If I raised one hand and covered myself in blood, I’d look just like Victoria on the cover of Lilith Rising, and the image stays with me, intense, visceral.

And then, suddenly, I know where to find the rest of Mari’s pages.

MARI, 1974—ORVIETO

After a brief reprieve, the rain has moved back in, but for once, Mari doesn’t mind.

She’s claimed this little spot of the bedroom to write, and write she does, sitting at the desk every day as downstairs, Pierce and Noel get into petty arguments about music that still isn’t written, Johnnie broods and strums his guitar, and Lara merely drifts through it all.

But Mari is with Victoria and Somerton house and Father Colin, and she can sense the final web drawing tighter and tighter.

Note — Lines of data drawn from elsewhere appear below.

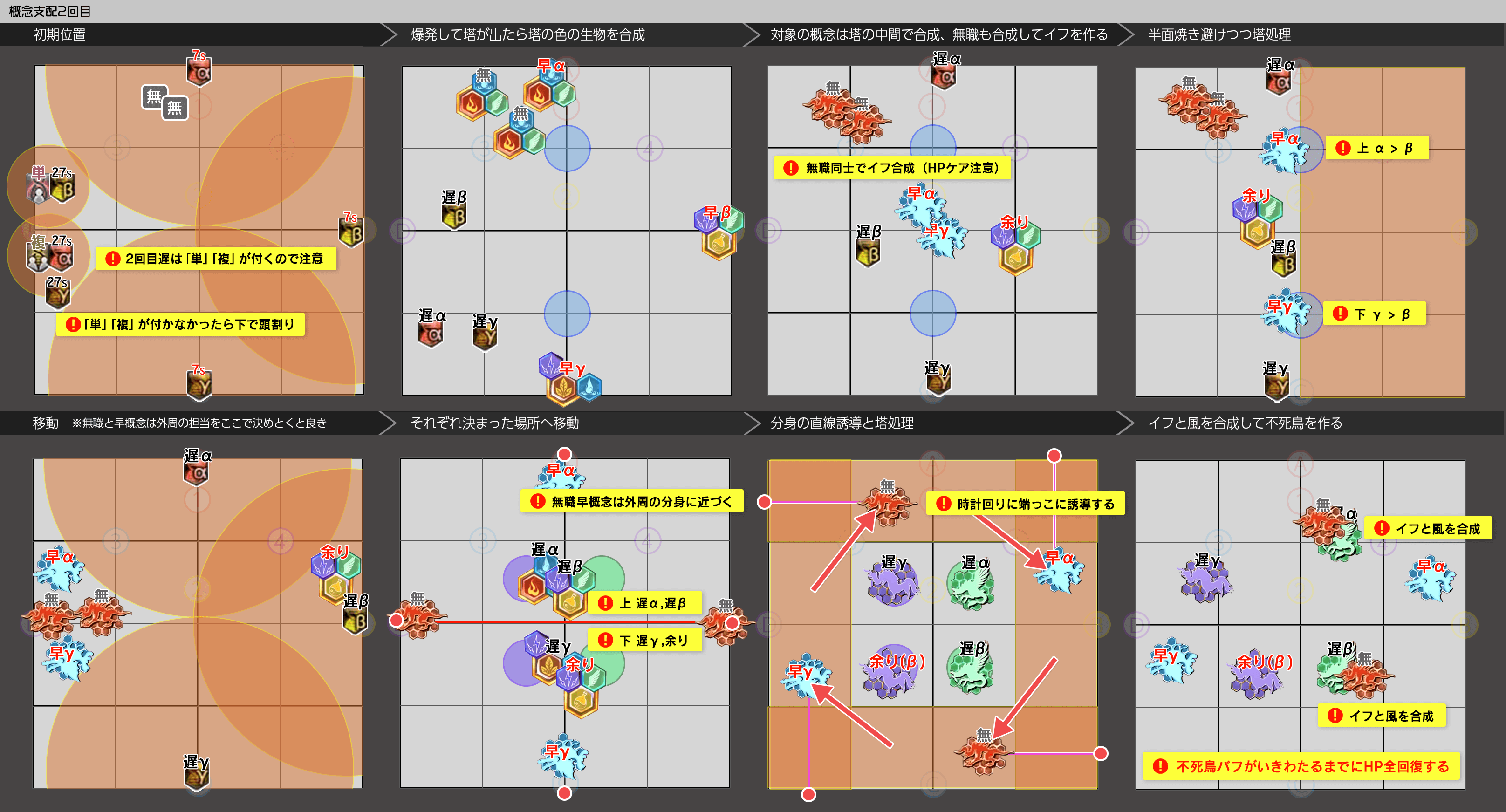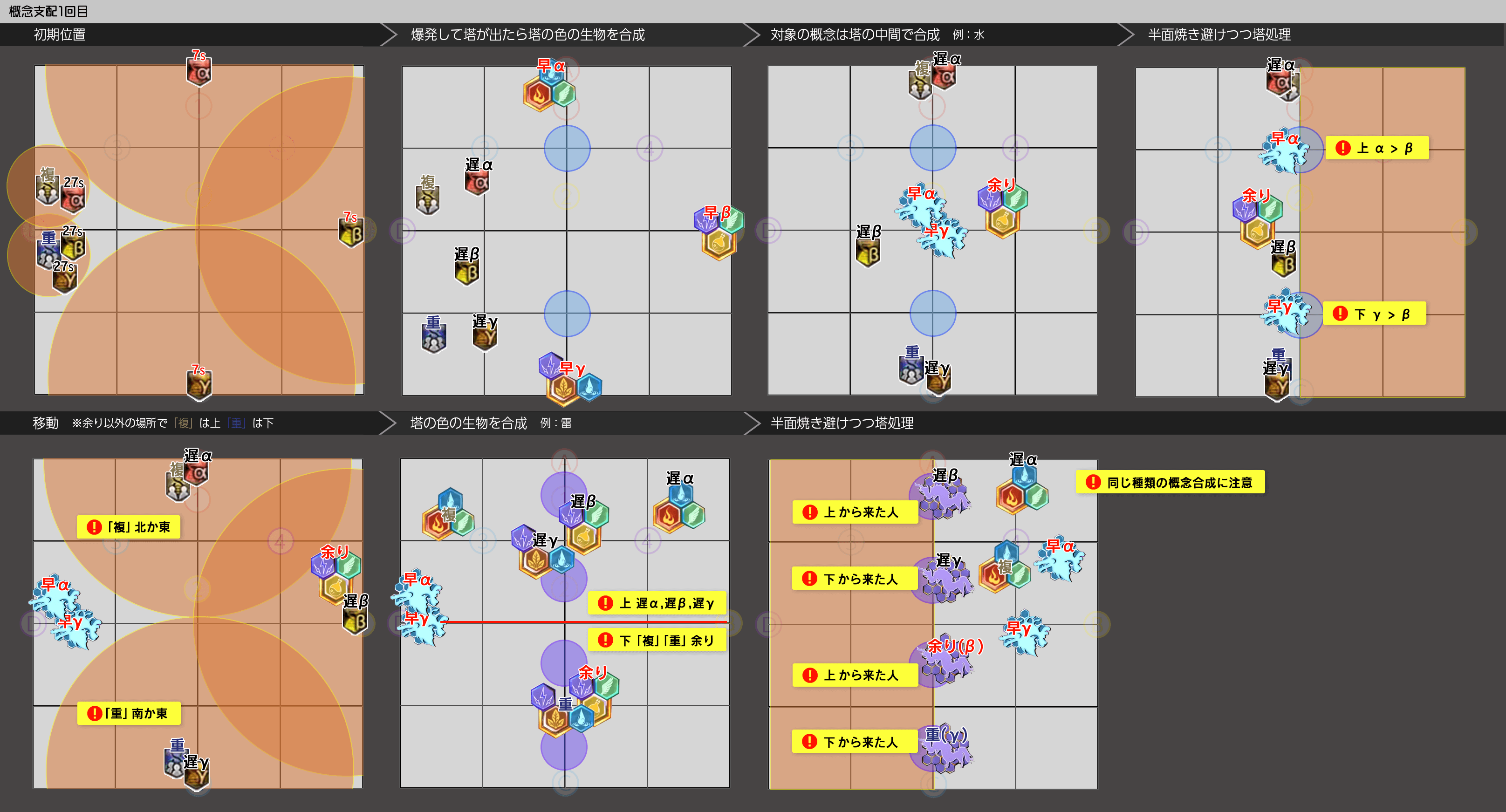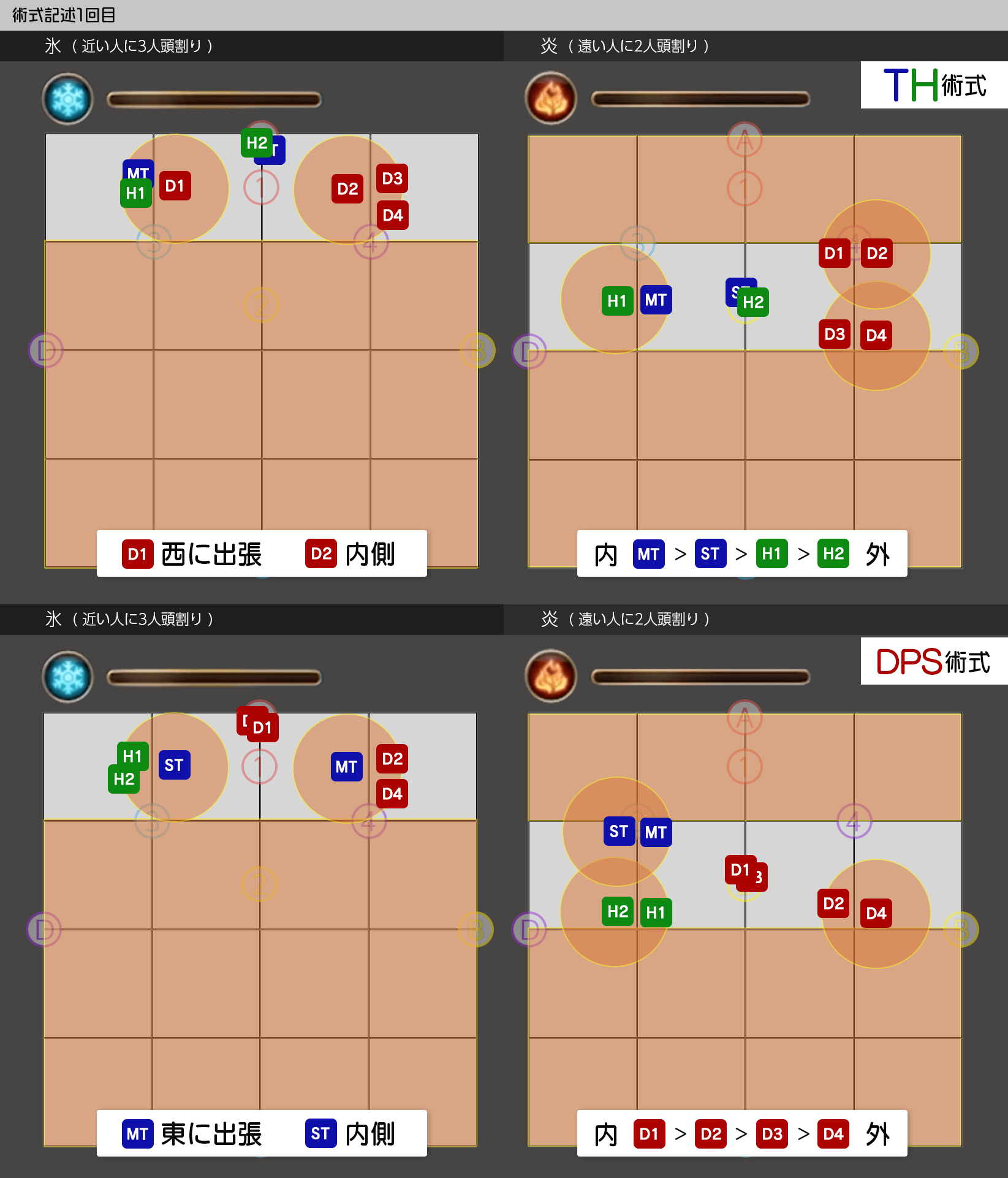 /p 【術式1回目(頭割は西)】【術式炎氷(TH西 DPS東) 】 /p ★ 紫 ST│ ▼炎:中央前詰め ▼氷誘導 /p D1 MT D2 MT │ MT>ST >H1>H2 西 D1>ST /p H1 H2 H1 D2│ D1>D2>D3>D4 東MT>D2 /p D3 S T D4 D1 │【術式2回目散開 】 /p ※左安置は H2 D3│ STMT 紫 D3D1 /p 左右反転→ D4 │ H1H2D4D2 /p 【概念1回目①】 【概念1回目②】 /p 早α │ 遅α /p 複/遅α │ /p 早β │ 生物 遅β /p 重/遅βγ │ /p 早γ │ 遅γ /p ※4塔:遅αβγ→北で合成 /p 複/重/早余り→南で合成
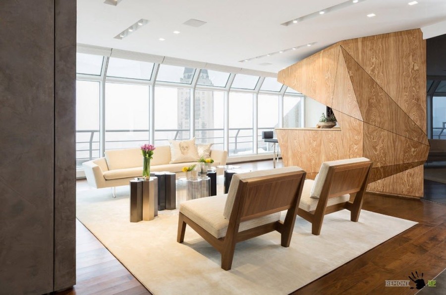 Необычные потолки привлекают внимание посетителей и дают возможность удобно расположить обилие светильников. Необычный журнальный столик нестандартной формы имеет скорее декоративное назначение и подойдет для установки на нем вазы с цветами или статуэтки.
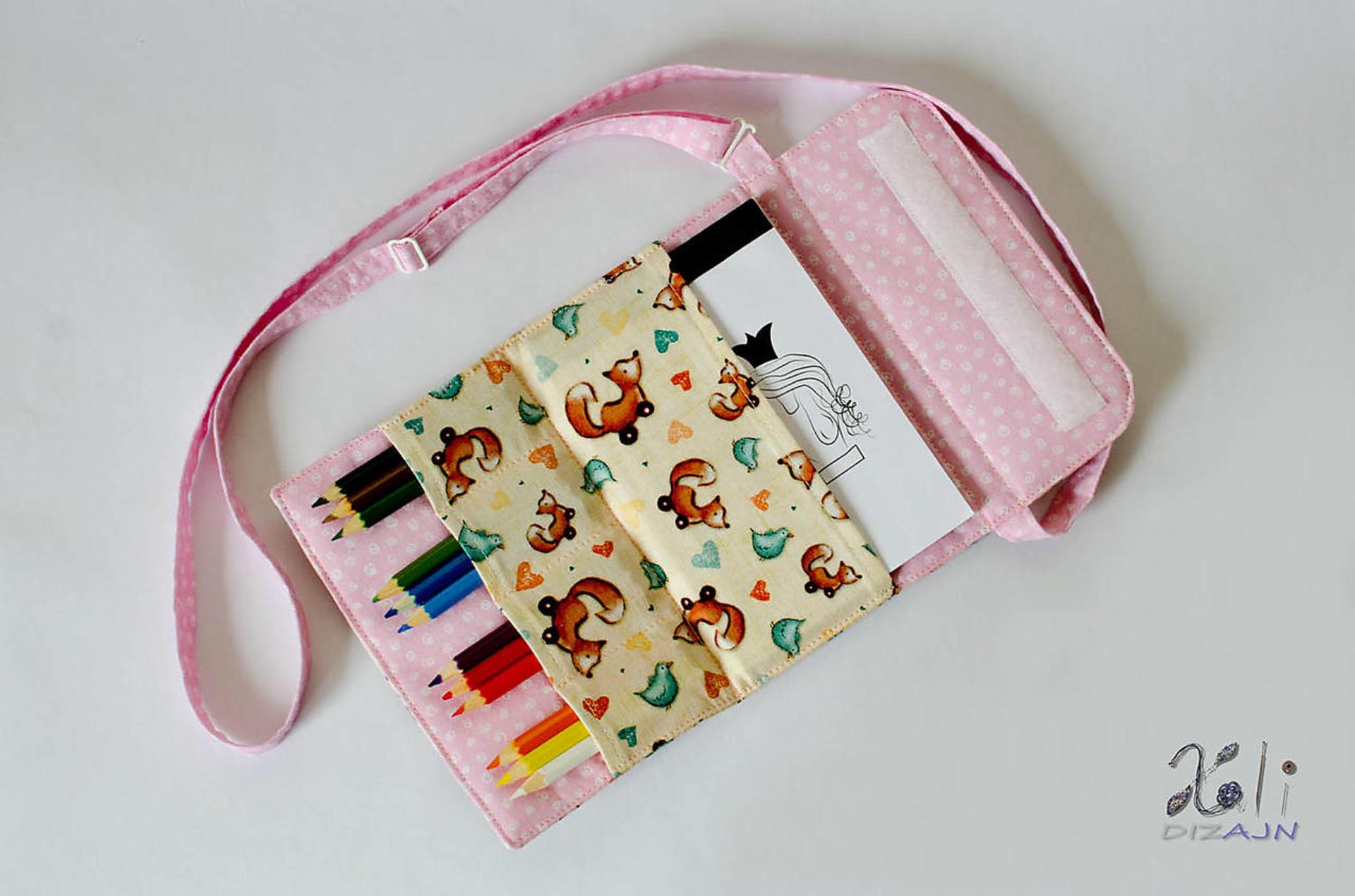 Cena za kabelku - pastelkovníčku je vrátene vnútorného vybavenia – 12 krátkych pasteliek a bloku na kreslenie formátu A6.
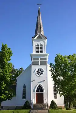 Immanuel Lutheran Church is a historic church in Hay Creek Township, Goodhue County, Minnesota, Goodhue County, Minnesota, United States, near the city of Red Wing. The congregation was organized in 1858 by German Lutheran families who had settled in Flower Valley. Their first pastor, William Wier, came to administer the sacrament twice a year through the summer of 1861. The first church building was a three-room building completed around 1862. A number of German Lutherans in the southern part of the township wanted to join the Immanuel congregation, so the congregation established a northern district and a southern district. This arrangement continued for a while until the building in Flower Valley was moved to the current location in Hay Creek in 1868. The land in Hay Creek consisted of two acres donated by a Mr. W. Plote.[2]
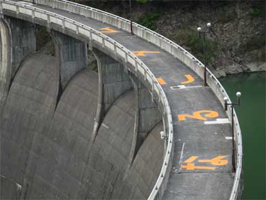 「なるこダム」の文字が書きたてほやほやですごく目立つ…。
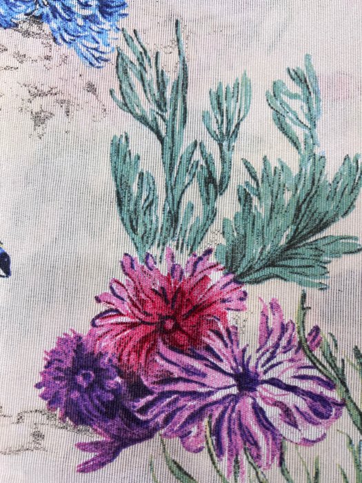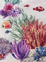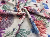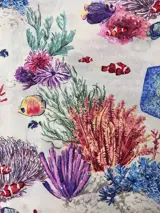 Zeer elegante witte katoenen stof met een rijke decoratie in maritieme stijl, afgebeeld door zeewier, schelpen, koralen en vissen
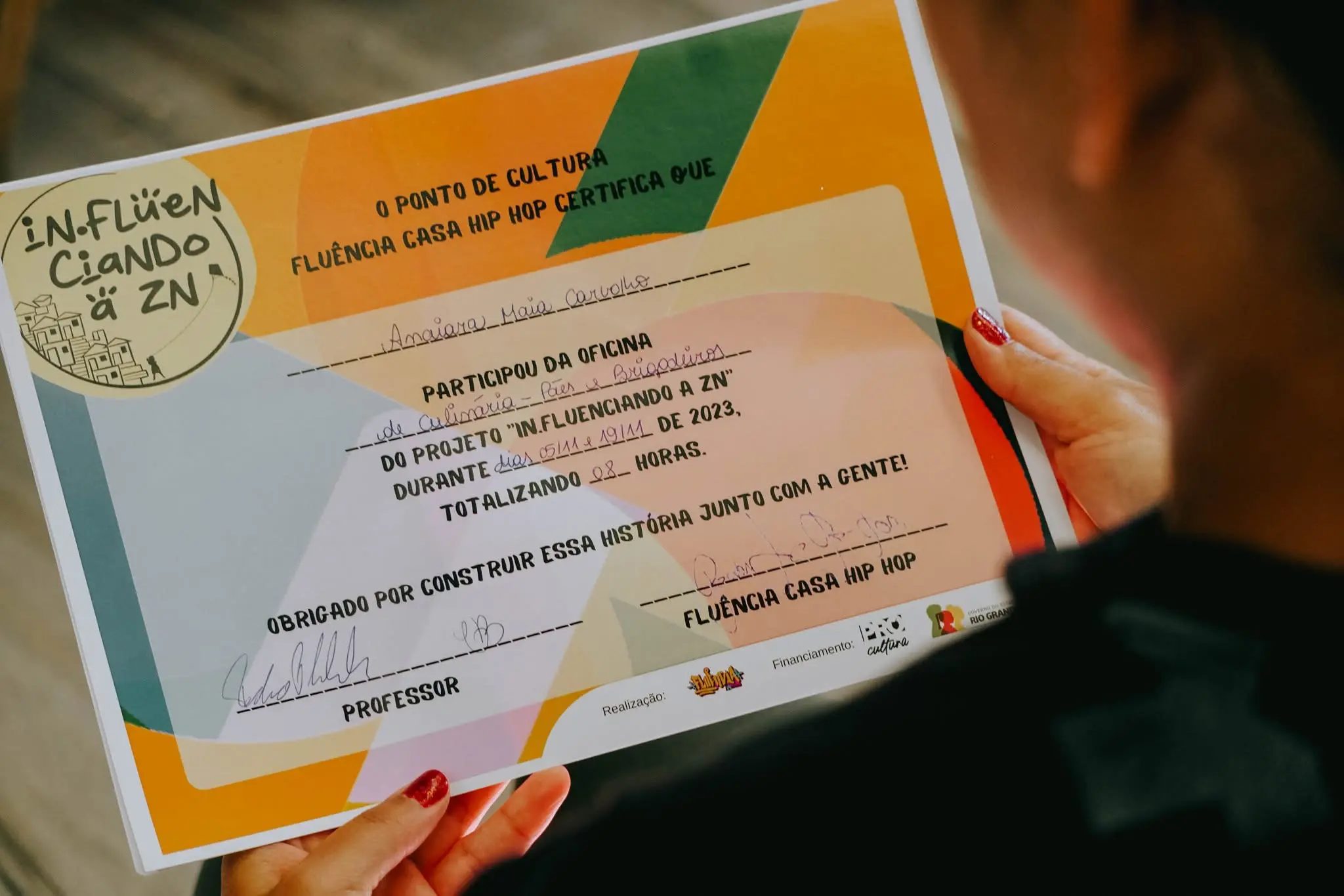 - 10 oficinas de qualificação e formação artística, abrangendo temas como arte-educação, dança Breaking, educação financeira e gestão de carreira artística, com 113 pessoas beneficiadas e 136 certificações emitidas.
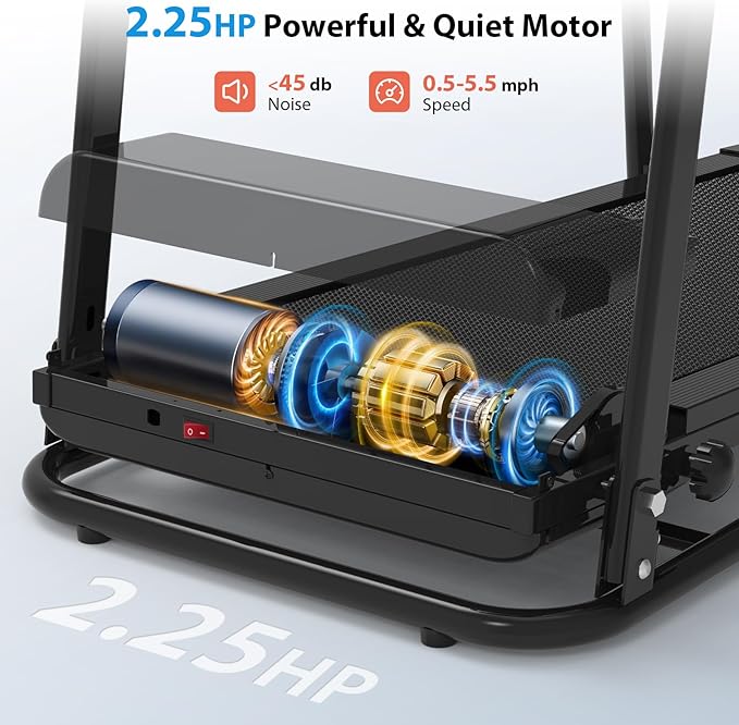 - 【Foldable & Move Wheels】The running board of this foldable treadmill can be lifted and its handrails removed, substantially cutting down on the space it occupies when idle. And the folding process is easy, not need to use many tools or other people to assist. In addition, the walking treadmill is equipped with front-end wheels so that even elderly people alone can move the treadmill to any desired position.

She’s going to call it Lilith Rising, she’s decided, already imagining how the title might look on a book jacket. A tribute to her mother, yes, but also a fitting title for a book about women, power, betrayal.

Survival.

The only thing left is the bloody and cathartic climax, Victoria laying waste to all those who’ve wronged her. Mari can see it like a movie in her head, but she feels herself putting it off, almost like she’s not quite ready yet.

Rain patters against the window as she puts her pen down and stands, her hands pressed to her lower back. She’s getting thinner again, forgetting lunch, sometimes skipping dinner altogether, and her stomach growls now, reminding her that it’s been awhile since she’s eaten.

Mari hopes she can grab a quick sandwich and then get back to her desk without having to see anyone, but when she reaches the foyer, she’s startled to see Johnnie standing there.

He’s hovering, almost like he was waiting for her, and Mari smiles at him, a little bemused.

“Hiya, Johnnie,” she says, and he steps forward, jittery.

“I was hoping you might come down. I feel like I never see you anymore.”

“I’ve been working,” she tells him, gesturing vaguely upstairs, and he nods again, his movement a little too jerky.

This is the reason she’s been avoiding Johnnie for the past week or so. Lately, it seems that he’s always high, and Mari finds that both boring and annoying. She occasionally puts up with it from Pierce, but she won’t from anyone else, Johnnie included, and now she hopes she can just scoot past him, get her lunch, and get back to work.

But he’s blocking her path, his dark eyes pleading and liquid. “I’ve really missed you these past weeks,” he says, and it’s so plaintive that it touches her a little bit. She remembers that first day with him by the pond, when she’d thought how nice it was to have a boy with a crush on her.